We'll launch this game eventually, and we know it'll be awesome when we do.
The publisher chase
At the start of 2024 I quit my day job at Amazon Games and went full-time with Snowfall. My project had just been canned, and most of my team had been laid off. I was one of a few survivors, and my reward was a transfer into tax and accounting automation. I actually envied the people who had walked out with severance. My partner was willing to carry our household income while I took the swing. I had a playable build of It Was You, and I figured I could build the rest on the way. It felt like the right moment to make the leap.
I spent the first few weeks after quitting putting together a pitch deck and seeing how far my network could take me, and for a while it really worked. We had ongoing conversations with publishers that most indies only dream of getting an intro call with. I flew to DICE in Las Vegas and stood in the casino hallway introducing myself to anyone who would slow down long enough to shake my hand. I learned quickly just how small the games industry is, and its full of passionate people who, when you approach with humility and curiousity, want to see you succeed.

Then 2024 turned into the peak of the games industry freefall.
The video game industry experienced mass layoffs in a wave which began in 2022, peaked in January 2024. An estimated 45,000 jobs were lost from 2022 to July 2025.
Doors started closing, and a few weeks after each rejection we'd often see the same publisher announce layoffs.
We did receive a few term sheets, and we turned every one of them down.
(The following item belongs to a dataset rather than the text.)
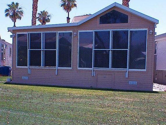 One of the BEST in Rancho Casa Blanca. This '97 Silvercrest is gorgeous with a CA Room. Upgrades! The Park Model is Located on the 18th Fairway with views of the pond and Chocolate Mtn's in the background. A spacious attached shed with W/D. Tile floors greet you at the door and just a couple of steps up to the CA Room with elegant furniture, TV, Fridge. The 'L' shaped room offers views to the golf course, Tee box and Green. Stepping inside to upgraded cabinetry with overhead art niches and shelves. Glass cabinet doors, granite counters and a eating area. Park Model/RV home in a 55+ RV Resort Community, Rancho Casa Blanca, where you own the land & is perfect for your winter hideaway. Rancho Casa Blanca (RCB) features a beautifully landscaped 80-acre property with 801 individual Park Model homes/or RV sites, Two large clubhouses that function as social hubs & 4 satellite buildings with laundry facilities, mailboxes, heated pools & relaxing spas. As an owner you will enjoy FREE GOLF on your 18-hole par 3 golf course, a 9-hole putting course, 2 practice chipping/putting greens, 6 heated pools/spas, 2 tennis courts, 8 pickle ball courts, shuffleboard courts, horseshoe pitch, fitness center & over 60 Clubs & Classes. This park has a limit of 270 day occupancy (not consecutive) out of 365 calendar year.

One publisher, who never even played the game, offered us 90/10 until they recouped 1x, 80/20 until 2x, 70/30 until 3x, and 50/50 in perpetuity after that. I still think about that sheet. The rough climate was giving publishers cover to offer terms that would have made It Was You theirs, not ours. Because I was the only one full-time, we weren't in a pinch to sell our souls, and that was its own kind of luck.
Every publisher thread eventually ran out. It Was You needed more of the team full-time to actually ship, and it became clear a publisher wasn't in the cards. I write about all the gritty details of talking with publishers in another post, The Year We Chased Publishers.
We did the only thing left and went into what we started calling "throwing darts mode." Anything that could get us a win fast was on the table. We built a Discord Activity called AstroTanks, and we started building some games for Fortnite.
The UEFN pivot
In the fall of 2024 I went to Unreal Fest in Seattle. It was in my backyard, so I went alone.
I walked up to the UEFN (Unreal Editor for Fortnite) booth and asked the Epic rep what the whole thing was actually about, and whether there was any real money in it. They didn't flinch at the question. They pointed across the floor at a huddle of kids, some in high school and some in college, and told me to go ask them myself.
One of them pulled up Fortnite.gg and walked me through the engagement payout estimates for the top UEFN creators. The numbers were six and seven figures.
I called Austin from the convention floor, caught him at home, and before I finished explaining what I had seen he had UEFN open on his screen.
A week later, Hunt Bigfoot was live on Fortnite. We didn't have to build a server, write a line of netcode, or source a single art asset. Fortnite handled all of that, and the engagement payout handled monetization. My brain melted at how fast we could take a game from concept to launch.
The only real issue is that, well, nobody played it. Nothing happened. A month or two passed, and Austin kept pushing small updates anyway.
On a Friday afternoon in early January, Austin casually dropped yet another update and po in our Discord:

On December 11th, Fortnite had rolled out an experimental first-person camera device for UEFN and Creative. More importantly for us, they spun up a discovery row for games that used it and Austin saw an opportunity.
Four days later, it took off on a Tuesday.
Austin saw it first. He's the kind of developer who stays up late world building. At 2 AM on January 7th, he dropped a screenshot into our Discord with three words: "top 100 map rn." 639 players. Ranked #97 in the world. For a game that had been a dud for months, that was the first real sign.
Then he passed out.

The rest of us woke up to the ping. By the time we pulled up the dashboard, the number was already climbing too fast to believe.
- 7:36 AM: 2,764 players
- 9:54 AM: 4,500
- 10:05 AM: 5,000
- 11:16 AM: #3 on the Homebar
Every refresh jumped the count by another couple thousand. A TikTok we'd posted weeks earlier suddenly had comments rolling in. Someone found a streamer on Twitch playing it live. Austin was awake again. The five of us piled into a Discord voice channel called the Bigfoot Lounge and just sat there together, watching the number climb.
I'd felt this exact high once before, back as a kid modding StarCraft 2 and watching strangers pile into Marine Arena 2 in the arcade lobby. I'd been alone in my bedroom then, at 2 AM, waiting for the next custom game to fill. This time I was in the Bigfoot Lounge with my team, and the number kept going up, and nobody wanted to leave the call.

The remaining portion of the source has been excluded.